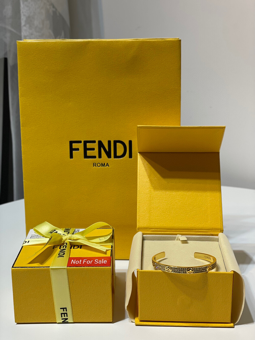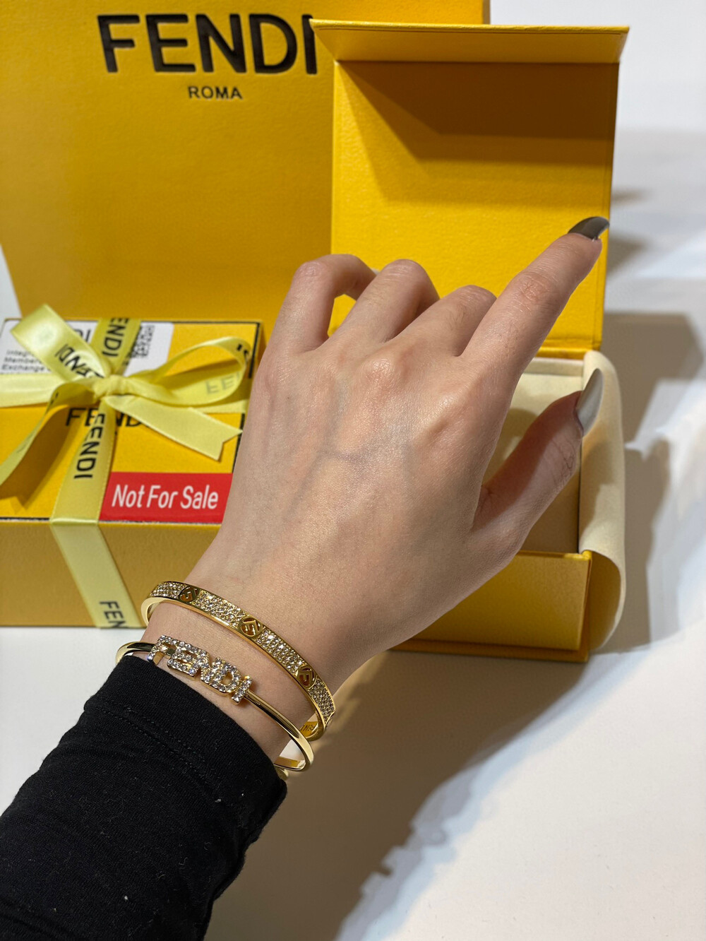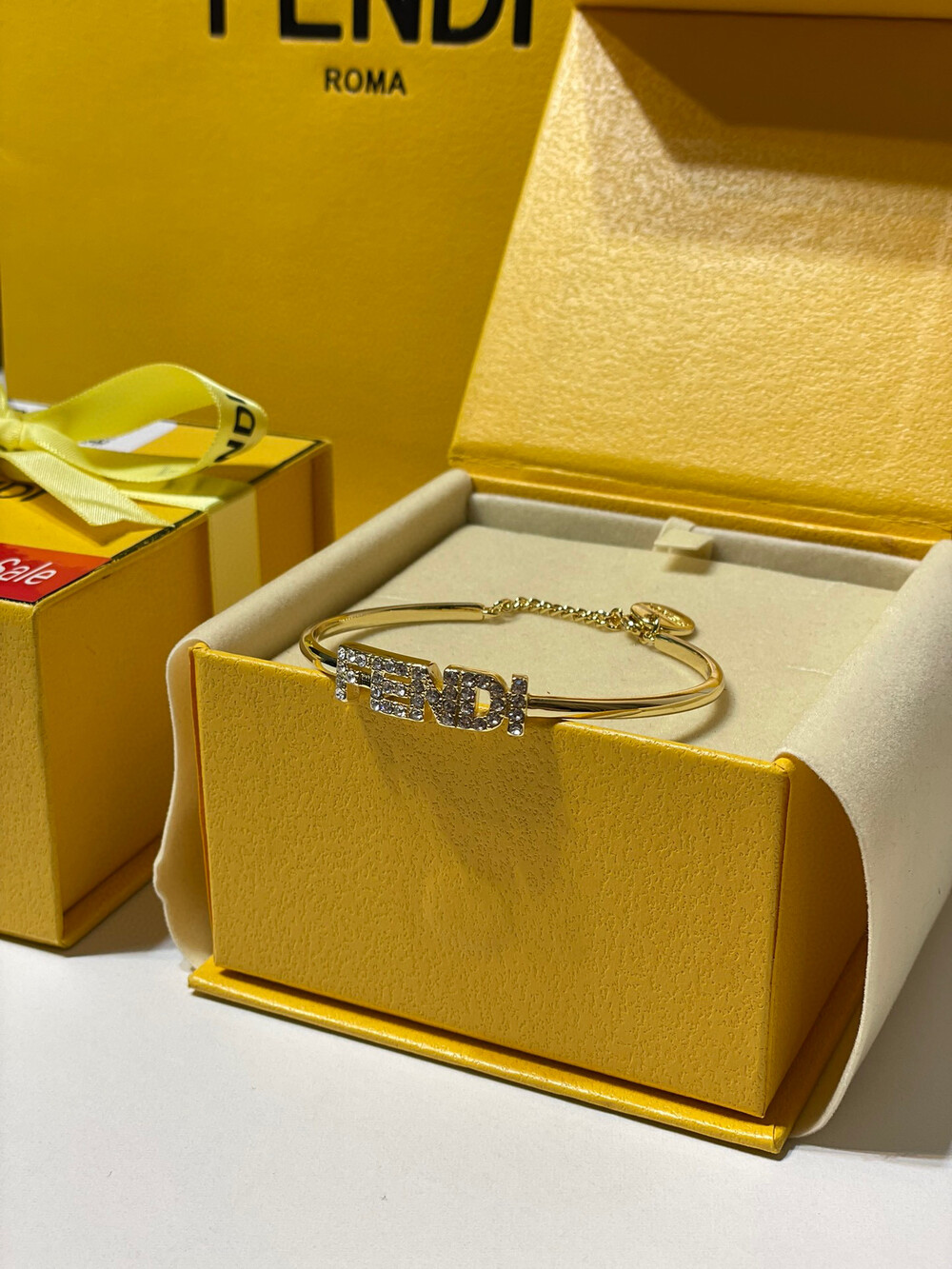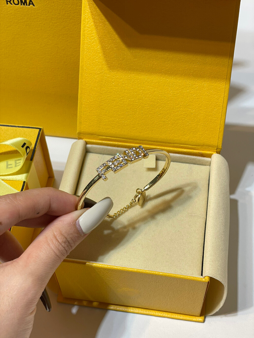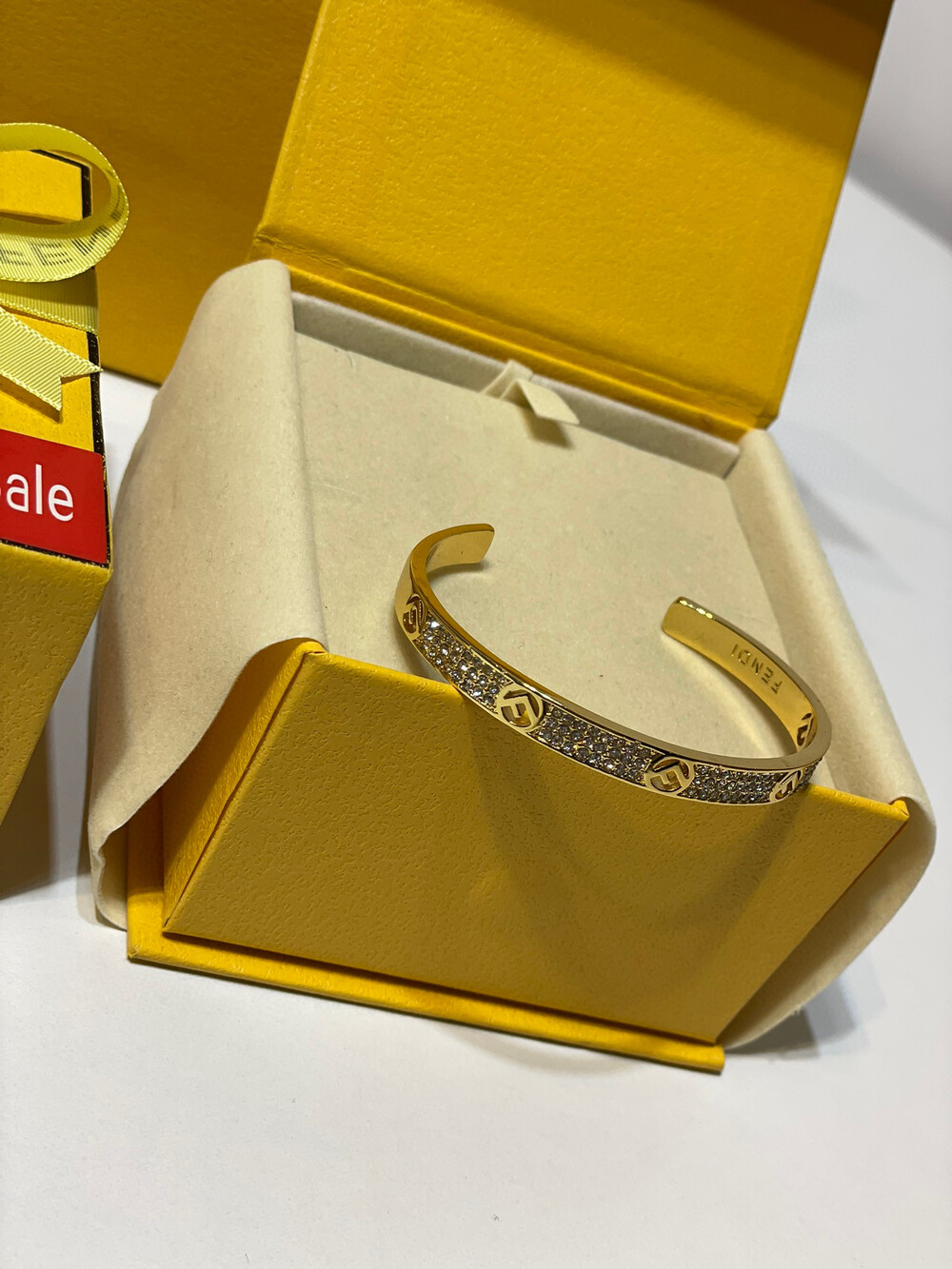 [Membership Ceremony]Fendi Full Diamond Open Braceletfree size openingbottom clear stamp Full set of Premium Gift Boxes
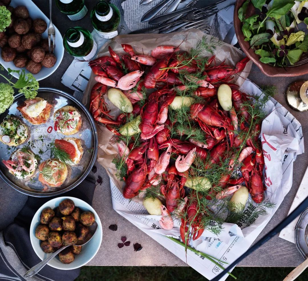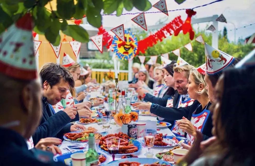 北欧夏天结束得早,一般到了8月,夏天差不多就要过去了。这时候,瑞典人就要开始吃小龙虾了。他们会在户外准备好餐桌,摆上带有小龙虾图案的餐盘、餐垫、纸巾和吃虾工具,再穿戴好吃小龙虾专用的围兜和三角形纸帽。
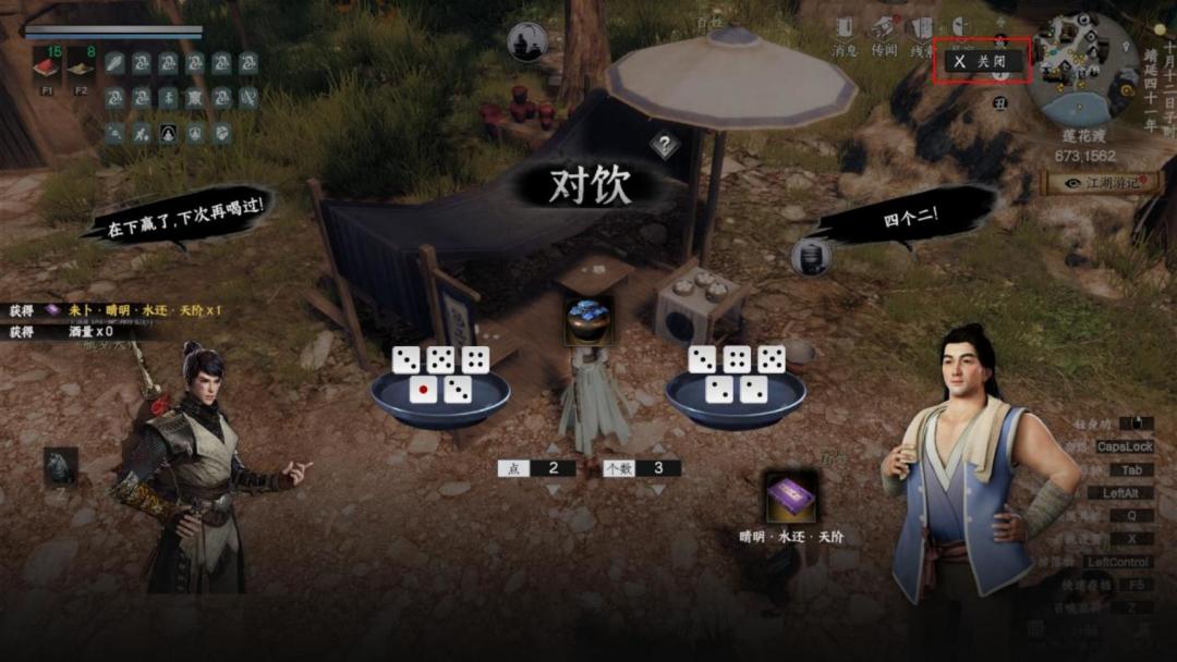 l 斗酒选项(乐意奉陪)斗酒界面右上面有个(关闭)按钮
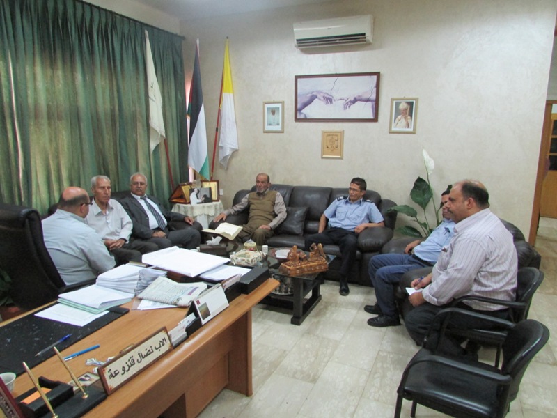 وقد رحب الأب نضال قنزوعة مدير مدرسة البطريركية اللاتينية بالوفد شاكرا لهم اهتمامهم وزيارتهم ومقدما شرحا عن التسهيلات المقدمة من قبل المدرسة لقاعات الثانوية العامة.
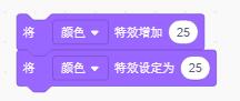 我們以上圖指令為例來講解。在選擇下拉菜單中,有顏色、魚眼、旋渦、像素畫、馬賽克、亮度、虛像(透明度)等特效,每次運行增加一定數值。可以理解為將此種特效,運行一次,增加一定程度,這個程度就是用后面的數字來量化表示。每種特效我們建議大家都親自試用一下。顯示隱藏
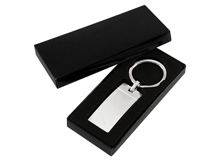 Llavero Metálico satinado, modelo "Wave". Presentación en estuche laminado negro con cuna aterciopelada.
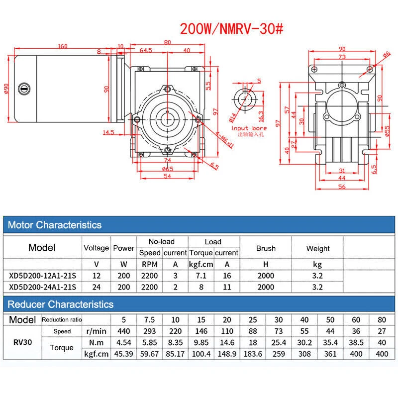 RV30 200W Worm Geared Motor DC 12V 24V High Torque 400kg Reversible Self-locking

— Exercise —
Write out exactly, and nothing more than, the lines of the entries above from the line containing "Llavero Metálico satinado, modelo" through the final line; omit any pictures.

— Expected answer —
 Llavero Metálico satinado, modelo "Wave". Presentación en estuche laminado negro con cuna aterciopelada.
 RV30 200W Worm Geared Motor DC 12V 24V High Torque 400kg Reversible Self-locking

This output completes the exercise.